Before starting any productivity measurement, we must ask ourselves. “Why do we need this?” Before everyone in the team can understand and agree with why such measurement is required, it’s not recommended to go on further. It’s also important to remind ourselves that productivity doesn’t necessarily equal performance.

2. Finding the right metric

When driving, the shortest time isn’t always the answer to finding the best route. The shortest route might be in the middle of a dangerous road with a cliff that can risk your life. Finding the best driving route or productivity is an optimized route, never the shortest or fastest. Therefore, only one metric can’t be the Northstar for everything. Considering various measures to achieve your goal is rather important.

What are some examples of productivity measurement?

Progress time

Although tracking time may seem toxic, this doesn't necessarily mean tracking the working time by the last minute. This is only to track where our time is the most spent when working and check if the time distribution is productive enough. Often, it’s easy to be swept away into certain projects and ignore the original plans. By tracking where most time is exhausted, finding a different approach to make workflow efficient can be another way to enhance productivity.
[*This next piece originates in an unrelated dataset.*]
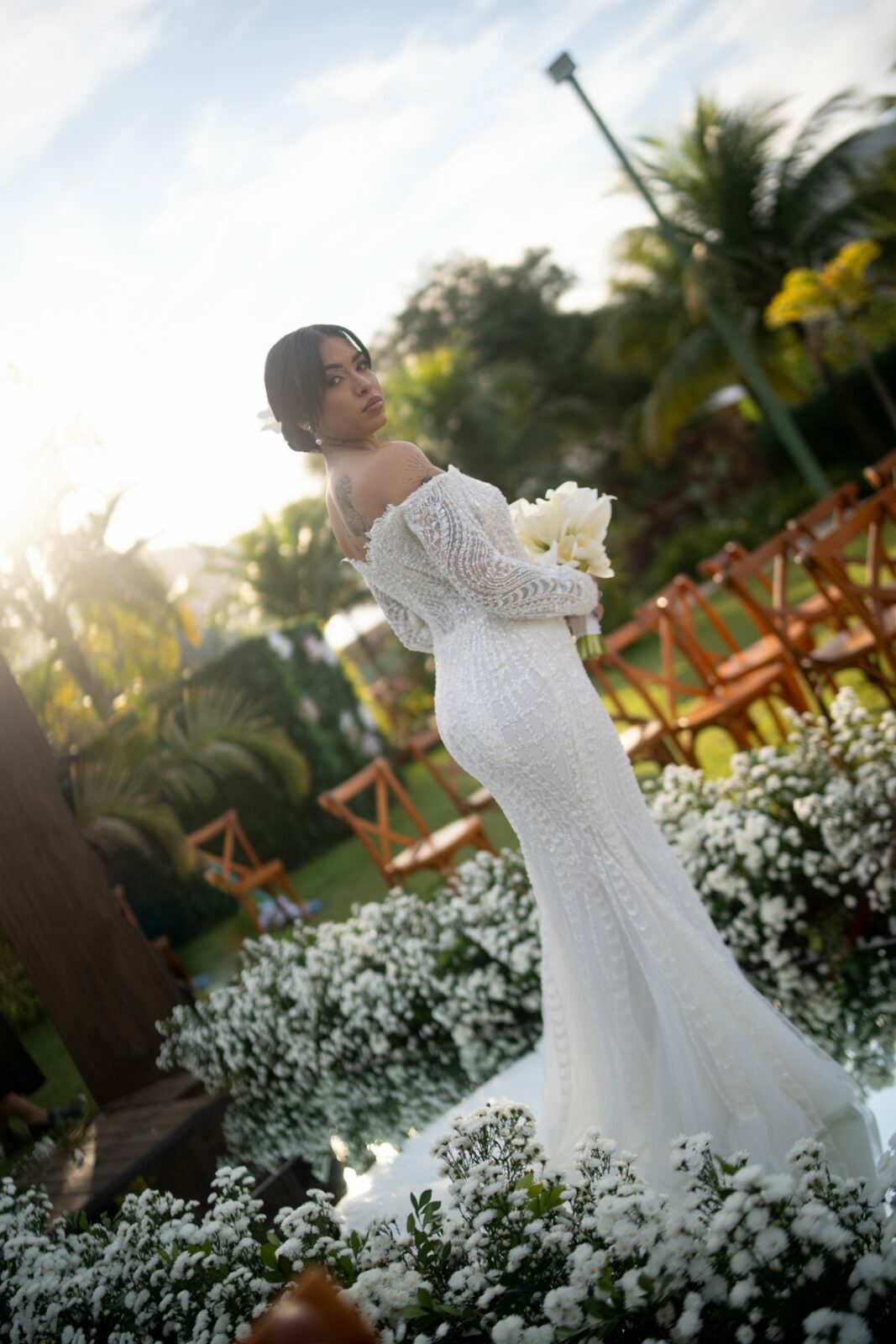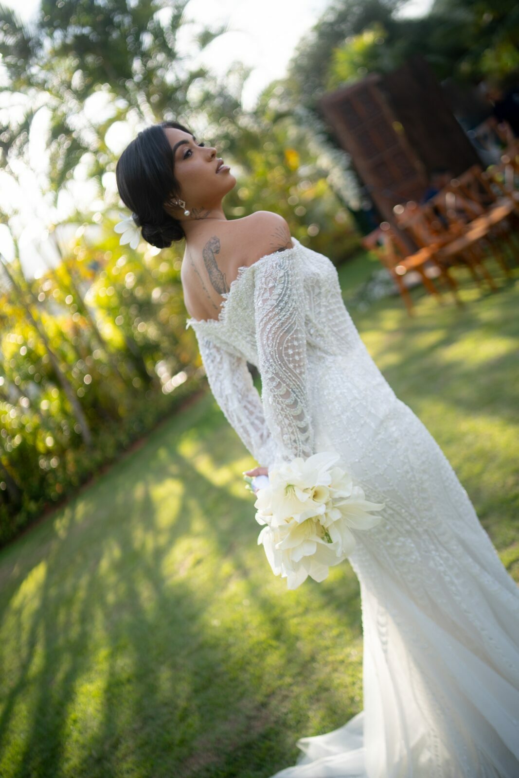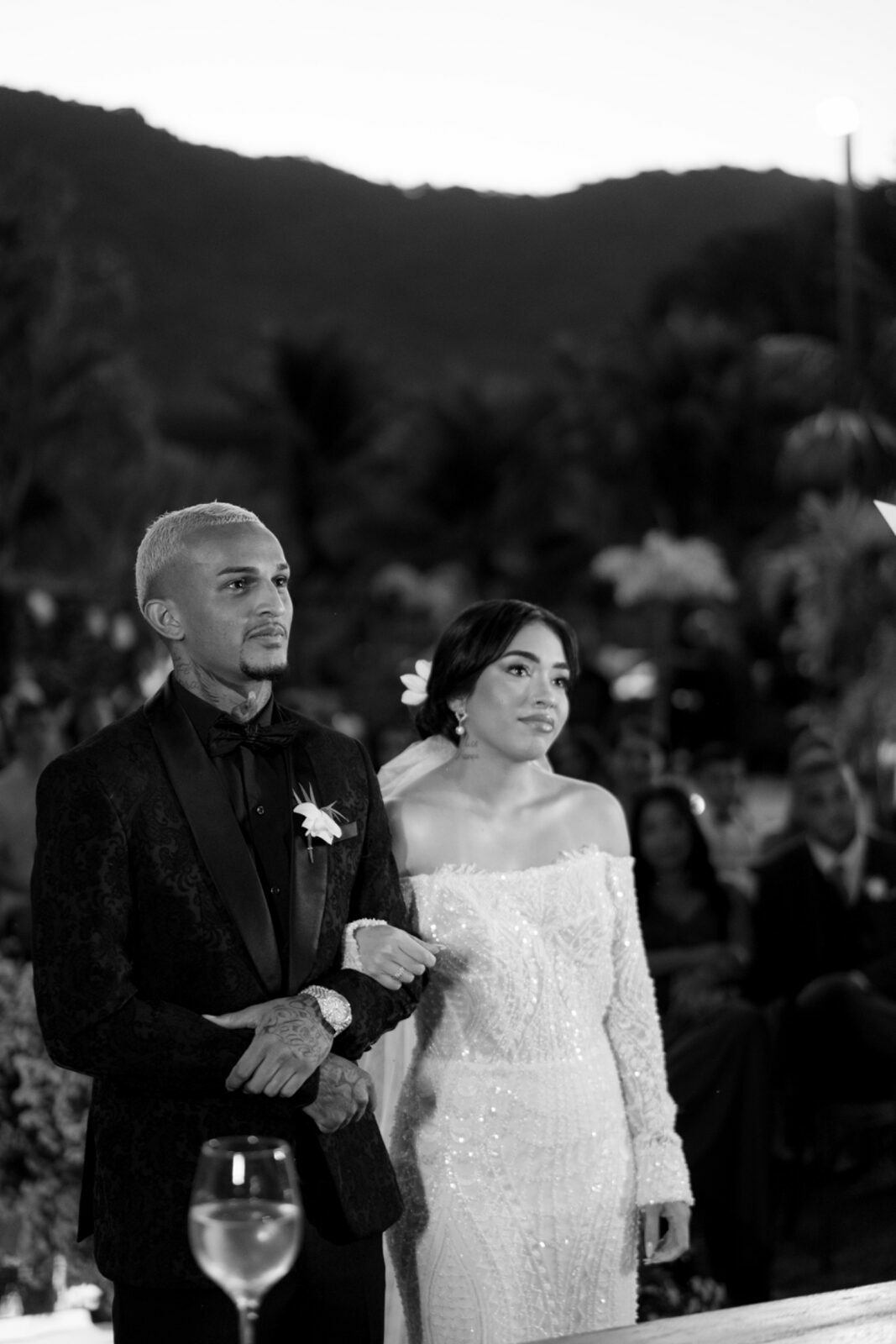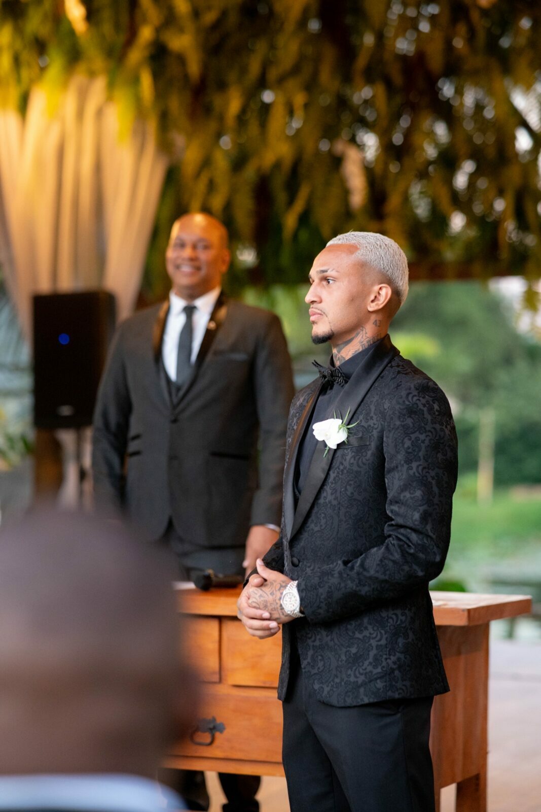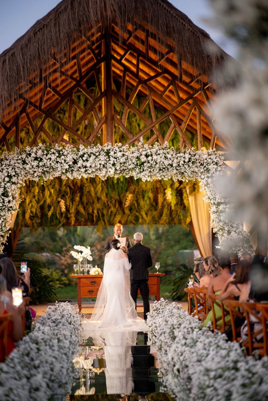 "E fomos felizes para sempre", escreveu Amanda ao publicar algumas fotos do casório. A cerimônia simples também foi compartilhada nas redes sociais por alguns amigos do casal. Companheiro de time, Bruno Henrique e a mulher, Gisellen Ramalho, também compareceram. Outro jogador foi Gerson, capitão do Fla, que ficou emocionado e precisou até secar as lágrimas.
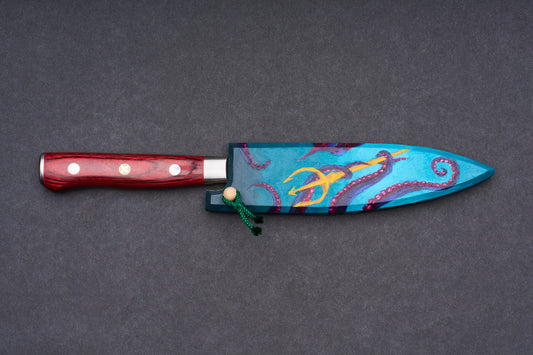 Mcusta Zanmai Classic Pro Damascus Flame Petty 90mm with Handpainted Saya Set

For example, FUNCTION12, a design-to-code automation tool for front-end developers helps produce codes with a Figma link. By introducing such tools, development productivity can be increased drastically without changing any workflow in the development team.

Completed tasks

Measuring productivity on the number of completed tasks may not be the most desirable approach. However, with the consideration of each task’s complexity, the number of completed tasks can be a measure to assess or enhance productivity. For example, completing 10 complex tasks last week and 50 common tasks this week can’t be compared since the difficulty of the tasks is different. However, by comparing the completed tasks with a similar level of complexity and considering how much time is usually spent on each project, you or the team can plan out how to distribute the tasks throughout the week to work with the most productivity.

Conclusion

Striving to work efficiently and produce better is what every developer wishes to improve. However, it’s important to understand and separate the difference between productivity and performance. Someone may assess and evaluate our performance based on how many hours were spent on a project. But productivity should be for ourselves. Not to work more, but rather, to work better.